Central part of the triptych by Maestro del
Bambino Vispo, Florence, c. 1410 (section)
The south wing of the Würzburg Residence houses the Martin-von-Wagner Museum with its antiquities collection, art gallery and graphic arts collection (the museum has a separate entrance).
Further information about the Martin-von Wagner Museum at www.martinvonwagner-museum.com
Further properties administered by the Bavarian Palace Department in the Würzburg area are the impressing Marienberg Fortress and Veitshöchheim Palace with its famous rococo garden.

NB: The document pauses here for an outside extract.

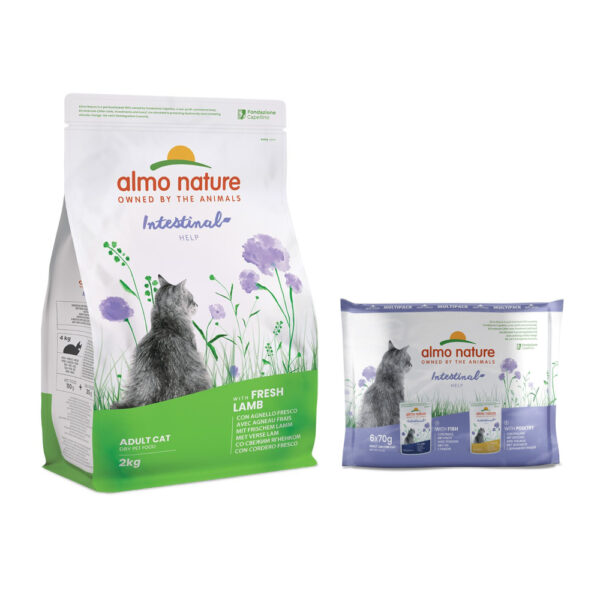 2 kg Almo Nature Intestinal Help + 6 x 70 g bijpassend natvoer voor een speciale prijs!

The original castle on the Marienberg, a hill which was first settled in the late Bronze Age, was probably a small fort built early in the 8th century by the Franconian-Thuringian dukes, together with a church which in 741 became the first church of the Würzburg bishops. From 1200 an unusually large castle was built, which was extended during the late Middle Ages and the Renaissance.
Following the storming of the castle in 1631 by the Swedes, Prince-Bishop Johann Philipp von Schönborn built a circle of massive bastions to protect the Marienberg. In 1945 the fortress was almost completely burned out, and its reconstruction was only completed in 1990.
The summer palace of the Würzburg Prince-Bishops, built in 1680/82, was enlarged in 1753 by Balthasar Neumann. The rooms furnished in 1810 for Grand Duke Ferdinand of Tuscany with their rare paper wall-coverings are a highlight of the interior.
The famous Rococo Garden, a magnificent creation with lakes and waterworks, dates from the reign of Prince-Bishop Adam Friedrich von Seinsheim (1755-1779). It is populated by over 200 sandstone sculptures of gods, animals and allegorical figures by the court sculptors Ferdinand Tietz and Johann Peter Wagner.
On the ground floor of the palace the exhibition "Es kommen immer Leit aus Würzburg und Frembde hierher …" on the history of the Court Garden is on display.